Two filtering steps are applied to remove loci that can be problematic for tree building. Firstly, paralogues are added to the filter, and then loci that show unexpectedly high variance when compared to the nearest reference are removed.
- Any core gene that has more than one match in the core profile is added to the filter.
The variation filter is used to identify and remove loci that show an unusually large (or small in more distant comparisons) number of variant sites given the mutation rate over the rest of the genome. For this we assume that the distribution of mutations amongst loci should approximate a Poisson variation, and exclude loci that fall outside of a predetermined probability threshold. "Excessively" variant loci are likely to be so due to either (a) erroneous assembly - not unlikely when dealing with significant numbers of genomes or (b) the result of lateral gene transfer. In both cases, inclusion of the locus in tree building can lead to errors in branch length and the neighbour joining algorithm.

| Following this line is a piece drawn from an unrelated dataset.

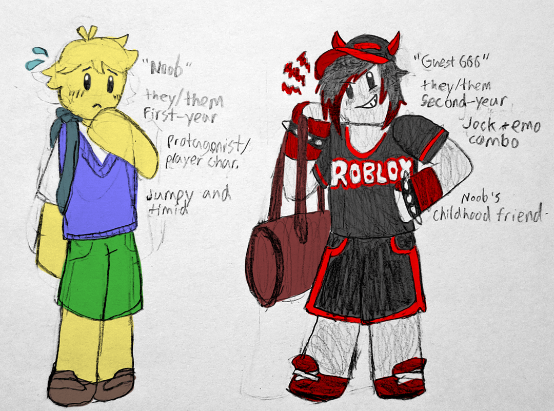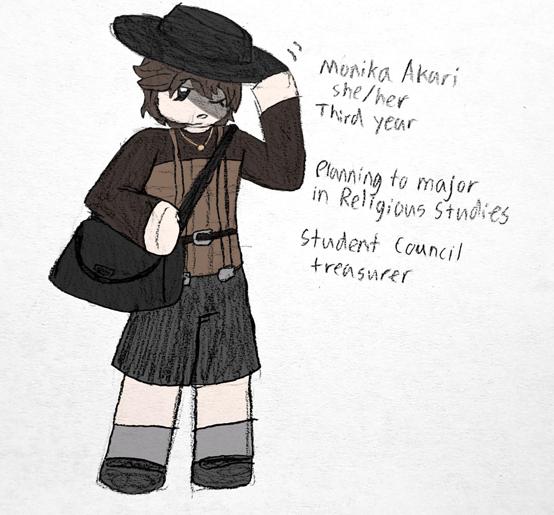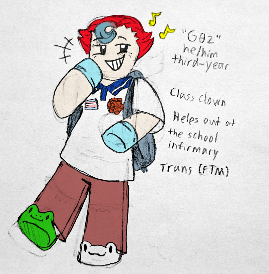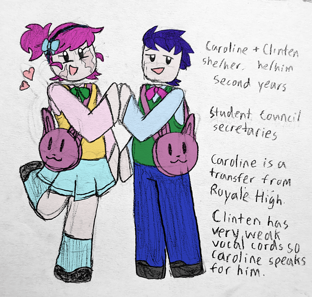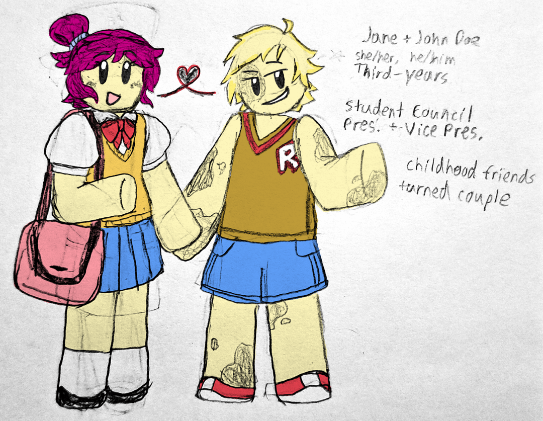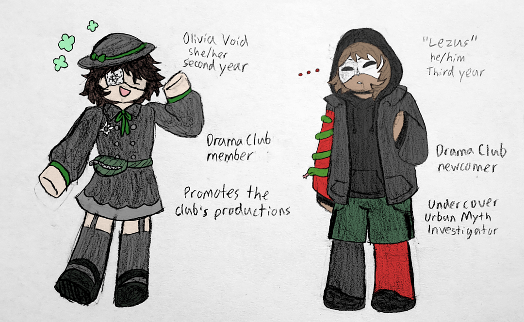 over the past three weeks or so I drew concept art for a roblox high-school-type visual novel based around myths and legends in the community (i did not know which flair to put this under)

In order to determine a probability threshold for marking a locus as unexpectedly variant, the following approach is applied. We assume that for a given pair of assemblies, they are equally diverged from a (close) common ancestor, and so we should observe twice as many variants as have occurred in a single genome. Thus the first calculation is 1 / (2 x core families). At this point it would expected to use the number of comparisons in the calculation to further lower the threshold, since in carrying out many comparisons we would expect to see rare events occurring. However, this makes calculations between collections not directly comparable, so we use a fixed size of comparisons that takes into account the large number comparisons we expect to run in Pathogenwatch. Thus the final threshold calculation is:
1 / (1000000 x 2 x C) where C is the number of core families.
During the reference assignment task, the number of differences at each locus and the total number of differences and nucleotides are counted. An overall mutation rate is calculated as differences / total nucleotides.

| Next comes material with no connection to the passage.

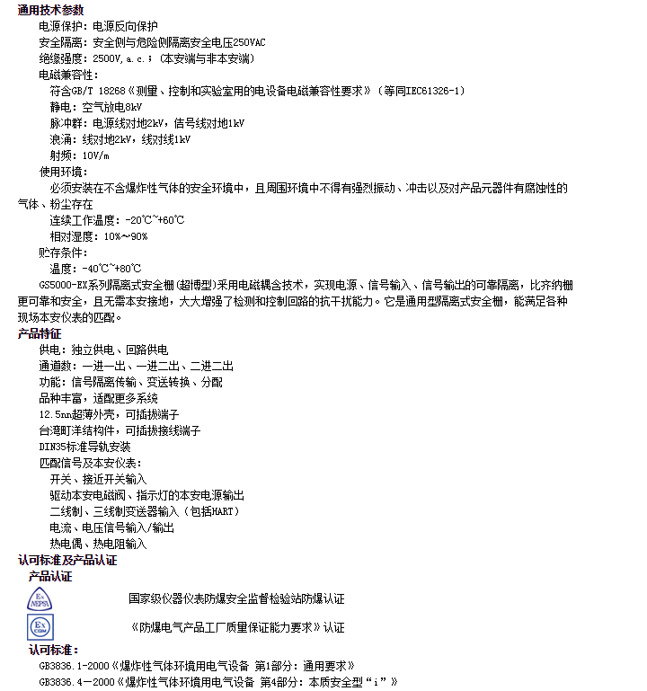 GS5045-EX,GS5045-EX.M,GS5035-EX,GS5036-EX,輸入隔離式安全柵

- 1.Then for each locus an expect number of mutations is determined by multiplying the mutation rate by the locus length in nucleotides. If the expected number is below 1 a minimum value of 1 is used.
- 2.The expected value is used as the mean of a poisson curve and the cumulative probability of observed number of mutations or more is determined. Or the inverse if the number of mutations is below the mean - i.e. fewer may be observed than expected, though in practice this never occurs as the mutation rate is normally low.
- 3.Loci that fail to meet the threshold are noted and excluded from further comparisons.